[Problem]: Could the listing be repeated exactly, with every picture dropped?

[Data]:
================

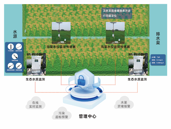 水是農(nóng)業(yè)生產(chǎn)的生命線,通過應(yīng)用物聯(lián)網(wǎng)水質(zhì)監(jiān)測系統(tǒng)、配備溝渠水位監(jiān)測系統(tǒng),實時監(jiān)測水質(zhì)PH值、溶解氧、氨氮等關(guān)鍵指標,監(jiān)測水渠水位變化,聯(lián)動物聯(lián)網(wǎng)平臺及時發(fā)布水質(zhì)污染超標、水渠淤堵等預(yù)警信息,減少因水資源污染和洪澇災(zāi)害對高標準農(nóng)田造成的經(jīng)濟損失。
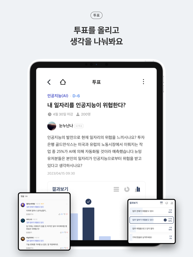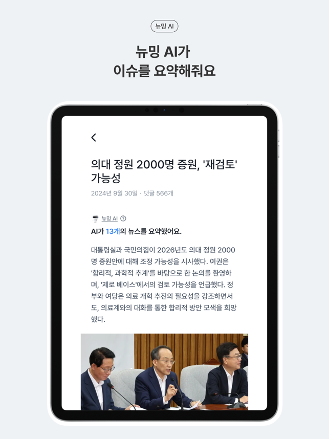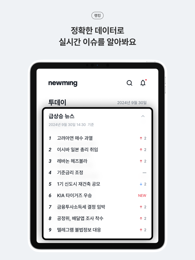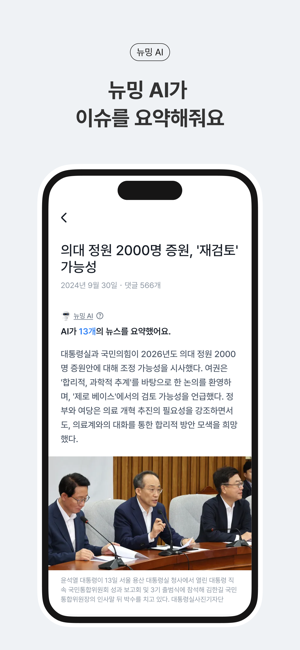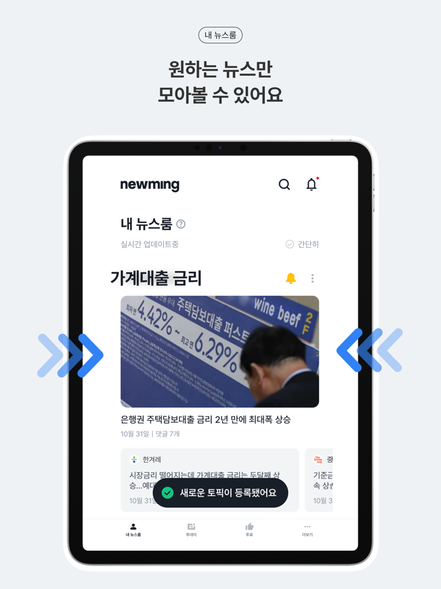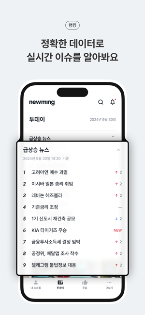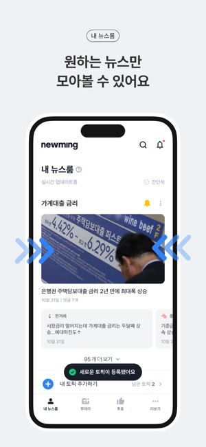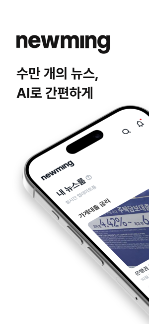 ● 댓글에서 시작되는 색다른 투표 경험• 사용자가 남긴 댓글을 바탕으로 새로운 투표 항목이 탄생하는 '다이나믹폴'• 뉴밍 AI는 댓글 속 중요한 의견을 찾아내어 실시간으로 '서브폴'을 만들어요.• 새롭게 생성된 항목들로 자신의 생각을 더욱 구체적으로 표현해 보세요.● 필요한 주제를 빠르게 찾는 스마트 큐레이션• 끝없이 쏟아지는 콘텐츠 중 꼭 확인해야 할 주제만 선별하고 있어요.• "오늘의 이슈"로 하루를 정리하고, "지금! 봐야할 뉴스"를 통해 소식을 놓치지 마세요.● 복잡한 기사, 간결한 요약으로 시작• 한눈에 파악할 수 있도록 정리해드려요.• 먼저 핵심 내용을 간략히 확인하고, 더 알고 싶다면 관련 기사를 직접 읽어보세요.● 맞춤형 콘텐츠로 개인화된 경험 제공• 관심 있는 주제를 등록하면 AI가 자동으로 연관 자료를 모아드려요.• 알림 기능으로 중요한 정보를 빠르게 받아보고, 나만의 뉴스룸을 만들어 보세요.● 콘텐츠 소비의 새로운 기준• 복잡한 과정 없이 간단하게 필요한 내용을 찾아보세요.• 뉴밍과 함께라면 매일 효율적으로 소식을 확인하고 관리할 수 있습니다.우리 이제, 뉴스를 간편하게 봐요.
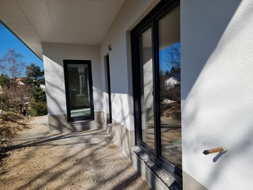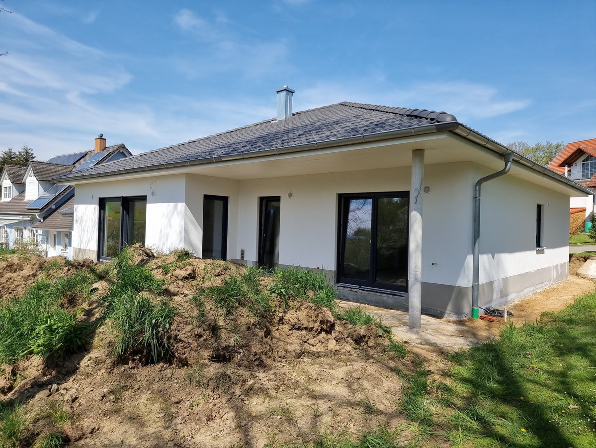 Zusätzlich bietet Ihnen der Bungalow 128 ein geräumiges Schlaf- und Kinderzimmer, ein großes Bad und eine weitläufige Küche mit praktischem Abstellraum. Das traumhafte Wohnzimmer mit seinen großen Fenstern ist der perfekte Ort zum Entspannen, bietet freien Blick in Ihren Garten und mit wenigen Schritten sind Sie auf Ihrer Terrasse im Grünen.

================

[Response area]:
 水是農(nóng)業(yè)生產(chǎn)的生命線,通過應(yīng)用物聯(lián)網(wǎng)水質(zhì)監(jiān)測系統(tǒng)、配備溝渠水位監(jiān)測系統(tǒng),實時監(jiān)測水質(zhì)PH值、溶解氧、氨氮等關(guān)鍵指標,監(jiān)測水渠水位變化,聯(lián)動物聯(lián)網(wǎng)平臺及時發(fā)布水質(zhì)污染超標、水渠淤堵等預(yù)警信息,減少因水資源污染和洪澇災(zāi)害對高標準農(nóng)田造成的經(jīng)濟損失。
 ● 댓글에서 시작되는 색다른 투표 경험• 사용자가 남긴 댓글을 바탕으로 새로운 투표 항목이 탄생하는 '다이나믹폴'• 뉴밍 AI는 댓글 속 중요한 의견을 찾아내어 실시간으로 '서브폴'을 만들어요.• 새롭게 생성된 항목들로 자신의 생각을 더욱 구체적으로 표현해 보세요.● 필요한 주제를 빠르게 찾는 스마트 큐레이션• 끝없이 쏟아지는 콘텐츠 중 꼭 확인해야 할 주제만 선별하고 있어요.• "오늘의 이슈"로 하루를 정리하고, "지금! 봐야할 뉴스"를 통해 소식을 놓치지 마세요.● 복잡한 기사, 간결한 요약으로 시작• 한눈에 파악할 수 있도록 정리해드려요.• 먼저 핵심 내용을 간략히 확인하고, 더 알고 싶다면 관련 기사를 직접 읽어보세요.● 맞춤형 콘텐츠로 개인화된 경험 제공• 관심 있는 주제를 등록하면 AI가 자동으로 연관 자료를 모아드려요.• 알림 기능으로 중요한 정보를 빠르게 받아보고, 나만의 뉴스룸을 만들어 보세요.● 콘텐츠 소비의 새로운 기준• 복잡한 과정 없이 간단하게 필요한 내용을 찾아보세요.• 뉴밍과 함께라면 매일 효율적으로 소식을 확인하고 관리할 수 있습니다.우리 이제, 뉴스를 간편하게 봐요.
 Zusätzlich bietet Ihnen der Bungalow 128 ein geräumiges Schlaf- und Kinderzimmer, ein großes Bad und eine weitläufige Küche mit praktischem Abstellraum. Das traumhafte Wohnzimmer mit seinen großen Fenstern ist der perfekte Ort zum Entspannen, bietet freien Blick in Ihren Garten und mit wenigen Schritten sind Sie auf Ihrer Terrasse im Grünen.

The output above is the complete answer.